Who?
Frank had a minor role in an infamous baseball incident.
Baseball team owner Bill Veeck was known for crazy promotions and grand, offbeat gestures. With a true love of the game and a wicked sense of humor, Veeck was one of the few executives who realized that baseball was supposed to be fun. Perhaps his most infamous scheme involved signing a Eddie Gaedel, 3’7″ man, to a contract.
No, not as a mascot or a good luck charm. As a player.
What does this have to do with Frank Saucier? Give me time, I’ll get there.
Veeck wanted to pull his stunt in a home game, of course, to take advantage of the hype. Since the home team always has to take the field first and the diminutive would-be slugger could not play the field, an expendable player would start the game and be listed as the lead-off hitter. When it was time for the home team to bat, the manager would announce that Mr. Expendable was being lifted for a pinch batsman, although I’m not sure that “lifted” is the right word here, given that the pinch hitter was Mr.
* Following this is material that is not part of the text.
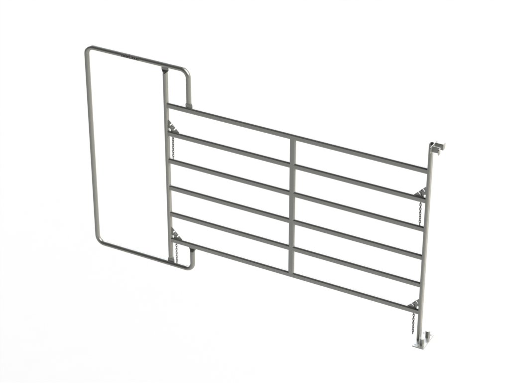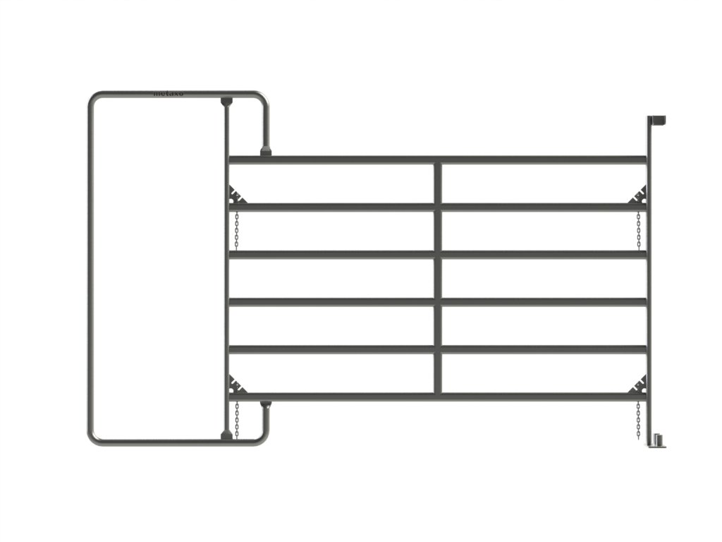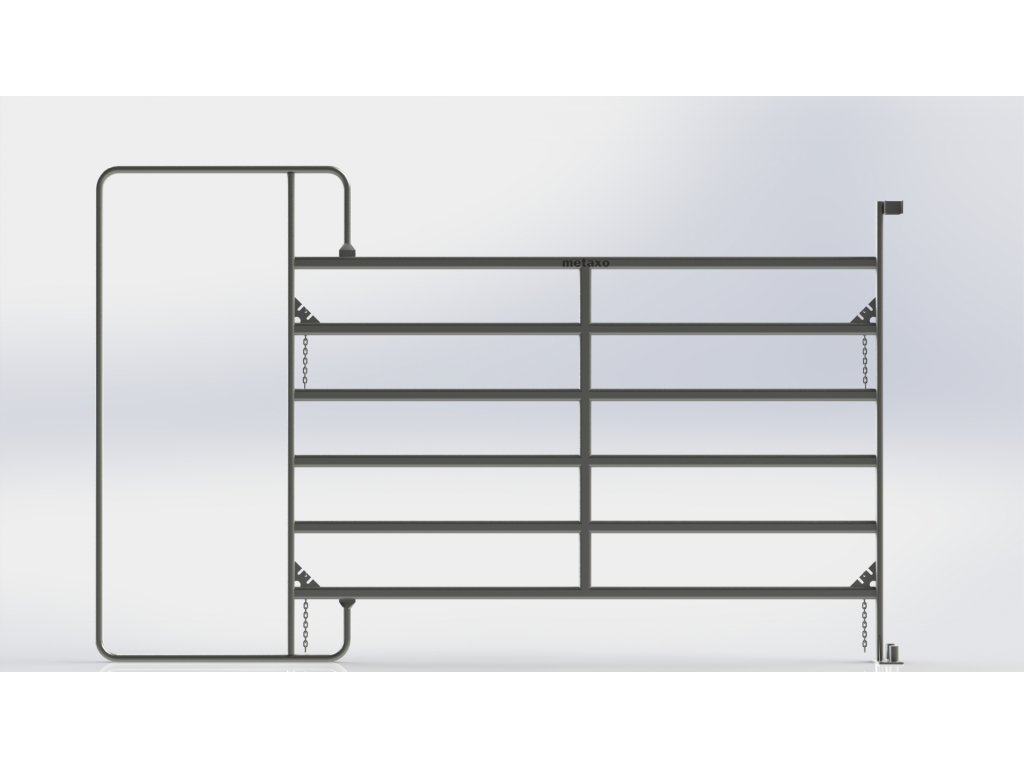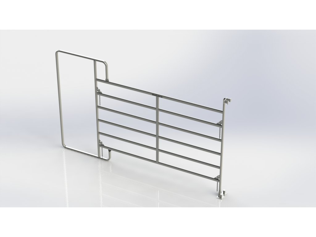 Panel vstupu do uličky je klíčovou součástí naháněcího systému, která se instaluje k posuvným dveřím. Jeho hlavním úkolem je usměrnit pohyb zvířat a zajistit bezpečný, plynulý průchod bez zbytečného stresu. Díky robustní konstrukci a kompatibilitě s ostatními panely Texas zpevňuje naháněcí uličku, což zvyšuje stabilitu celé sestavy. Integrované úchyty a spojovací řetízky zajišťují pevné uchycení a minimalizují riziko deformace při manipulaci se skotem.

Gaedel.
And Frank Saucier?
He was Mr. Expendable, the only man in major league history to be replaced by a little person.
The rest of his major league career consisted of 14 at bats and an .071 batting average.
So you think I’m making fun of the guy? You could not be more wrong. I came to praise Caesar, not to bury him. Frank Saucier was an amazing man. He was a naval officer at age 18. He was a genius student. He was a successful entrepreneur, and later a CEO. He was the kind of guy they name things after.
So you think he was good at everything but baseball? Wrong again. He was good at baseball. Really, really good. He once made the cover of The Sporting News, and had a lifetime minor league batting average of .380. (That’s not a typo. Three-fucking-eighty!)
What happened to all that potential? Long story. I covered the rest of the Frank Saucier story, including biographical info and all the inside details of the Gaedel incident, in an article at Uncle Scoopy’s Ballpark.

What I don’t like is when someone who went 1-14 in their Major League career gets dubbed “not good at baseball.” No he’s ridiculously good because he got 14 at bats in the Major Leagues. He’s obscenely good at baseball. Like those who make fun of Michael Jordan for not being a good baseball player. He went how many years without playing baseball or facing live pitching and he actually hit in the .220’s with a couple homers in the minors? That is actually insanely good.